What to work on:
The listing below should be printed exactly, though its pictures must not be.

Information shown:
((

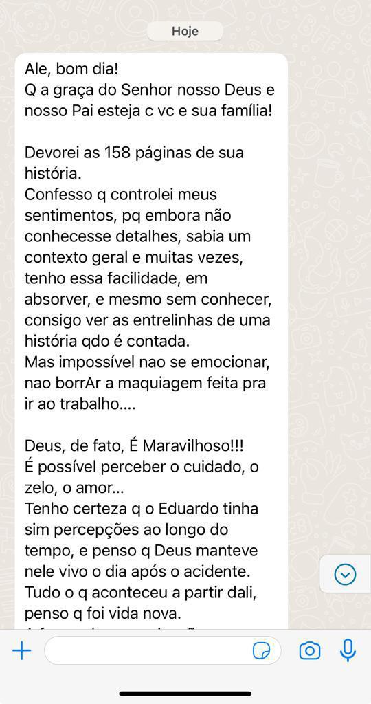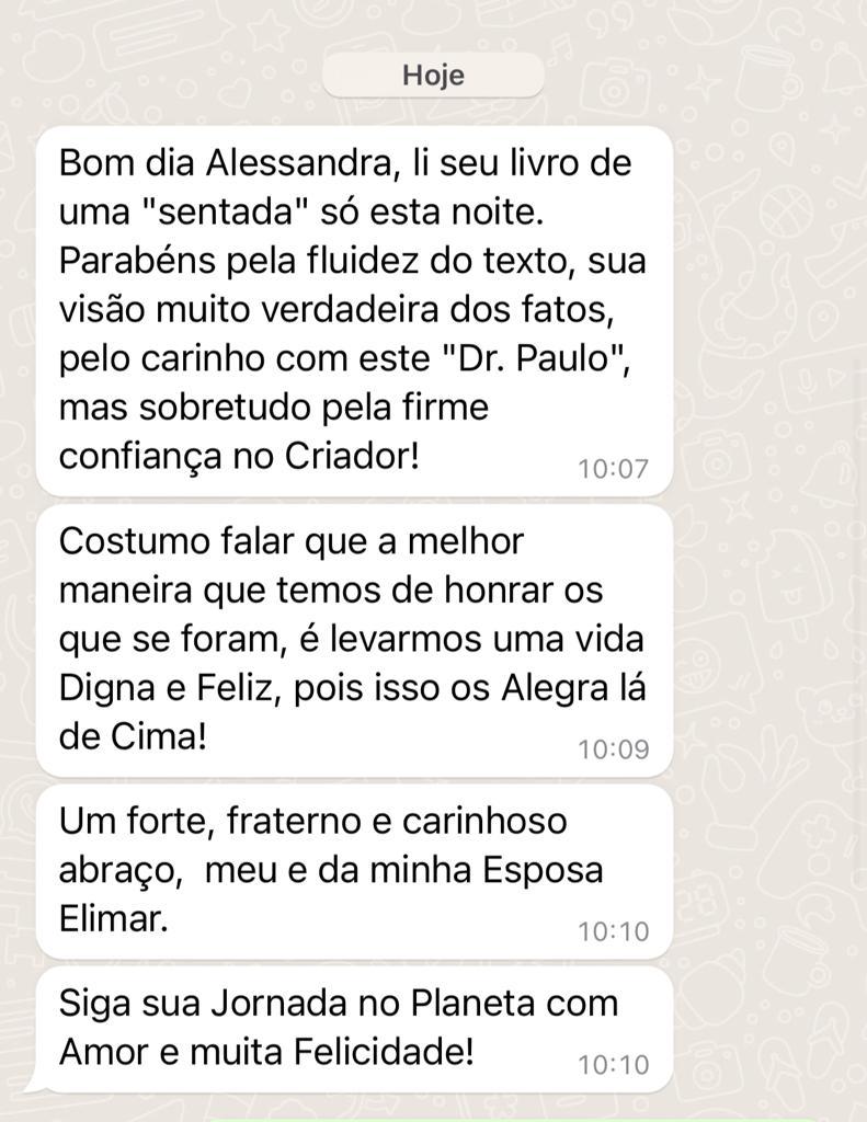 Prazer, meu nome é Alessa Dion. Sou mãe de duas filhas, pastora, escritora e palestrante. Também sou viúva de Eduardo Oliveira, com quem enfrentei com fé, esperança e amor, os dias mais difíceis de nossas vidas. Após esse tempo, dediquei-me a transcrever cada detalhe dessa jornada dolorosa, porém transformadora.
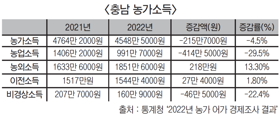 최근 통계청이 발표한 ‘2022년 농가 및 어가 경제조사 결과’를 보면, 지난해 충남 농가소득은 4548만 5000원으로 전년보다 215만 7000(4.5%)원 하락했다.
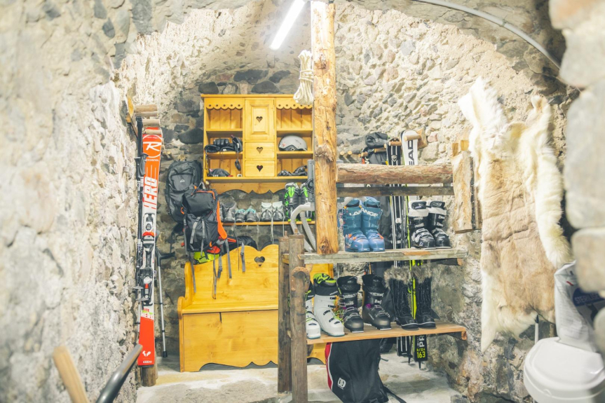 Auf der rechten Seite des Eingangs finden Sie ein zweites Wohnzimmer mit einem zweiten Fernseher, das an ein Schlafzimmer mit Doppelbett angrenzt. Im Eingangsbereich befinden sich eine Toilette und ein Skiraum.

))

Answer:
 Prazer, meu nome é Alessa Dion. Sou mãe de duas filhas, pastora, escritora e palestrante. Também sou viúva de Eduardo Oliveira, com quem enfrentei com fé, esperança e amor, os dias mais difíceis de nossas vidas. Após esse tempo, dediquei-me a transcrever cada detalhe dessa jornada dolorosa, porém transformadora.
 최근 통계청이 발표한 ‘2022년 농가 및 어가 경제조사 결과’를 보면, 지난해 충남 농가소득은 4548만 5000원으로 전년보다 215만 7000(4.5%)원 하락했다.
 Auf der rechten Seite des Eingangs finden Sie ein zweites Wohnzimmer mit einem zweiten Fernseher, das an ein Schlafzimmer mit Doppelbett angrenzt. Im Eingangsbereich befinden sich eine Toilette und ein Skiraum.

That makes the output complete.